Perhaps the plan is to keep both franchises alive until 2015, when SARU will be hoping to include a 6th franchise in what will no doubt be an even bigger, TV money driven, player killing and player chasing-away Super Rugby beast?

But as it stands, we have 6 franchises fighting for 5 places, with 2 matches taking place in a months’ time set to decide that 5th spot …

And my question is this … Can we actually afford to lose the Kings?

Forget the results and on-field performance, which have been nothing short of earth shattering for a team competing in its first ever Super Rugby tournament. Forget the monumental amount of money that has been spent on getting the franchise, and its structures, going. Forget the petty, and perhaps not so petty, politicking that has sadly formed part of this process. Forget the fact that players were brought in to achieve quick fix results given the ludicrous call to only give them a year to prove themselves …

How can it be deemed fair to hit the snooze button on an alarm that is quite clearly waking up the slumbering rugby giant that is the Eastern Cape?

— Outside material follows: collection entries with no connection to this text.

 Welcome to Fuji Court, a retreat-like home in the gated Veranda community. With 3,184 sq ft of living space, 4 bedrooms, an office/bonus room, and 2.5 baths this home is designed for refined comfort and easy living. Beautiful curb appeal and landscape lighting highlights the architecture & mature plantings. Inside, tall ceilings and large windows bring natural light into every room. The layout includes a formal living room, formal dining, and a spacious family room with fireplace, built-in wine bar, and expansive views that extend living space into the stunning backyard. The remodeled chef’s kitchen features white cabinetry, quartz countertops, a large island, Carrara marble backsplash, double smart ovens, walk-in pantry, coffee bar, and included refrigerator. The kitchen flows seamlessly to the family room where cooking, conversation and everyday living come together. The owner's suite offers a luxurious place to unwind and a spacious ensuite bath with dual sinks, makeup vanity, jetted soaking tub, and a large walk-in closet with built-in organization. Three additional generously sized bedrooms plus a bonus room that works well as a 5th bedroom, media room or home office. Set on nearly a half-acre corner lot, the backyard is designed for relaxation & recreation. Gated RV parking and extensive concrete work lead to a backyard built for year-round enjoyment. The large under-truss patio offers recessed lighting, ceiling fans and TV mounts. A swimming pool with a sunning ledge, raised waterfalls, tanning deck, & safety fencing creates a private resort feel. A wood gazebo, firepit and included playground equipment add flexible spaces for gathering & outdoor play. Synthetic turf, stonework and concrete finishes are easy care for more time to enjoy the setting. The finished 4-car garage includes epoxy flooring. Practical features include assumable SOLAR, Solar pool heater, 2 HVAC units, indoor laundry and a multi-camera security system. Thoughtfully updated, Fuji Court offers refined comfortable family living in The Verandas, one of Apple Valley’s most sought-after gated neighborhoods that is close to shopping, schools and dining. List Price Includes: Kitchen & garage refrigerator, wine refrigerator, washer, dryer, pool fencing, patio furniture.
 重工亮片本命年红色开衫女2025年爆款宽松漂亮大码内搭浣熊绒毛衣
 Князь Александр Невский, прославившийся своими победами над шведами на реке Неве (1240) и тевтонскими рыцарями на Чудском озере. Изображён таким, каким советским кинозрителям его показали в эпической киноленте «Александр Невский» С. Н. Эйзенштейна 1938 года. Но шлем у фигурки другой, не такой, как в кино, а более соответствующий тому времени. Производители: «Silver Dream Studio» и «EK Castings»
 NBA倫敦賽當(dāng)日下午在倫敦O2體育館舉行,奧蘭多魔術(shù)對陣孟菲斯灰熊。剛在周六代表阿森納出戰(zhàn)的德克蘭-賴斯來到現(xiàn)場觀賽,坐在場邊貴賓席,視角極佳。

Sure Lions fans will argue that it was unfair to issue the anaesthetic to a region so densely populated, and thus filled with potential, but they hardly made good use of their time in the sun, both in terms of result and bums on seats at Ellis Park.

Given the success of the Gauteng based Chiefs, Pirates, Wits, and SuperSport United football sides in the PSL, would it not make sense to deem that area more of a football, rather than a rugby, feeder area and thus focus academy, skills and development resources on that sport?

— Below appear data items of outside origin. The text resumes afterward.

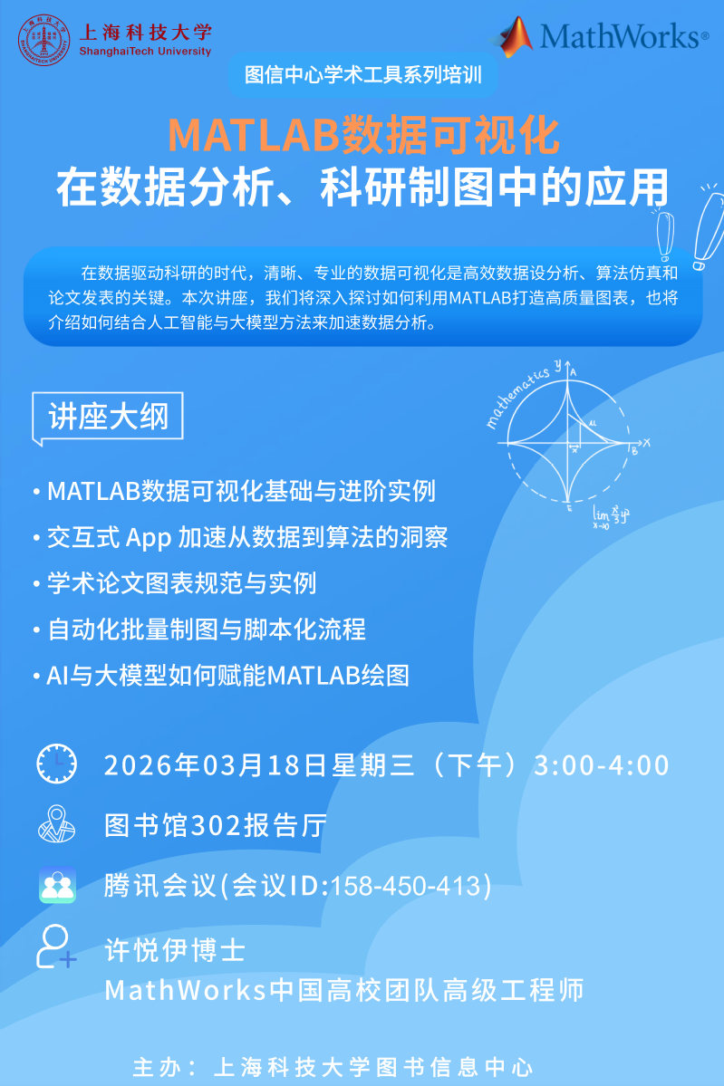 在数据驱动科研的时代,清晰、专业的数据可视化是高效数据分析、算法仿真和论文发表的关键。本次讲座,我们将深入探讨如何利用MATLAB打造高质量图表,也将介绍如何结合人工智能与大模型方法来加速数据分析。
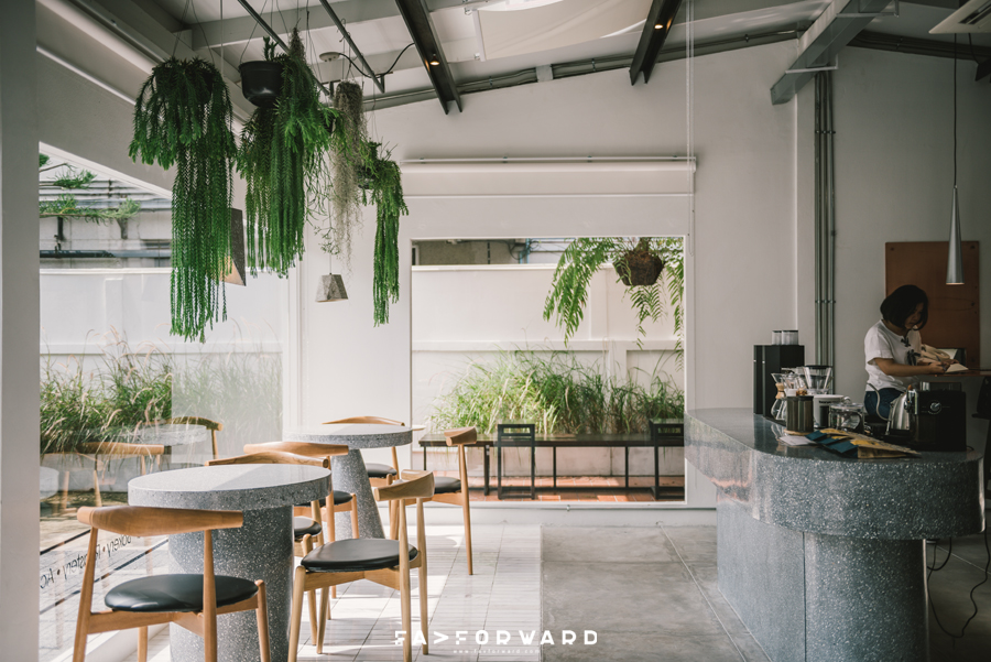 ไม่ว่าจะเป็นพื้นที่ส่วนหน้าของคาเฟ่ที่เลือกใช้โต๊ะหินขัดสีเทา เข้ากันกับเก้าอี้ไม้สีน้ำตาลดำทรงโมเดิร์น เพิ่มความสดชื่นด้วยสีเขียวจากไม้แขวน ทำให้มุมนี้กลายเป็นมุมโปรดของคากาแฟและเป็นมุมโดดเด่นในร้าน โดยตรงกลางคาเฟ่จัดให้เป็นพื้นที่สำหรับการรังสรรค์กาแฟรสอร่อยของเหล่าบาริสต้า
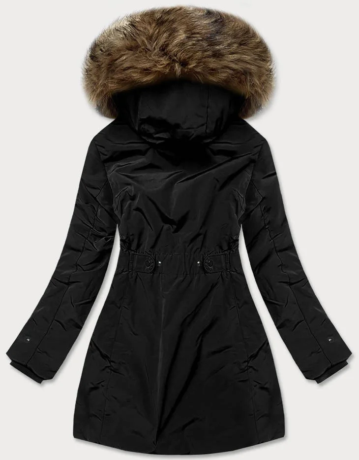 Černá dámská zimní bunda parka s kožešinovou podšívkou (m-21501)

And with there being a mere 68.5 km’s between Joburg and Pretoria, the latter sporting a rugby franchise that might top the Super Rugby log this year, it does not seem that unfair to ask those with an inclination toward rugby to make the commute? Tommy Loubser would have given his left pinky for such a short commute to practice!

Sure I am over simplifying matters, but we do tend to over complicate things at times. And my question remains … Can we now actually afford to lose the Kings?

My answer would be an unequivocal “No”!


  1. The Lions had the richest and most densely populated city and emtro area for how many decades now?

    They failed to make use of it, and a patchwork Kings outfit has shamed them. They must stay in the wilderness.

    Can you imagine wat Aussie rugby would do with the human and economic resources of Jozi? That Soweto with 3 million+ people doesn’t have a feared rugby club is an indictment on those at Ellis Park.

  2. I was very doubtful regarding the Kings at the start of the year. Now my view is that they have done surprisingly well with no real stars and
    big name players.
    They have been well coached and have adopted a game plan to suite their strengths, and it has worked quite well for them.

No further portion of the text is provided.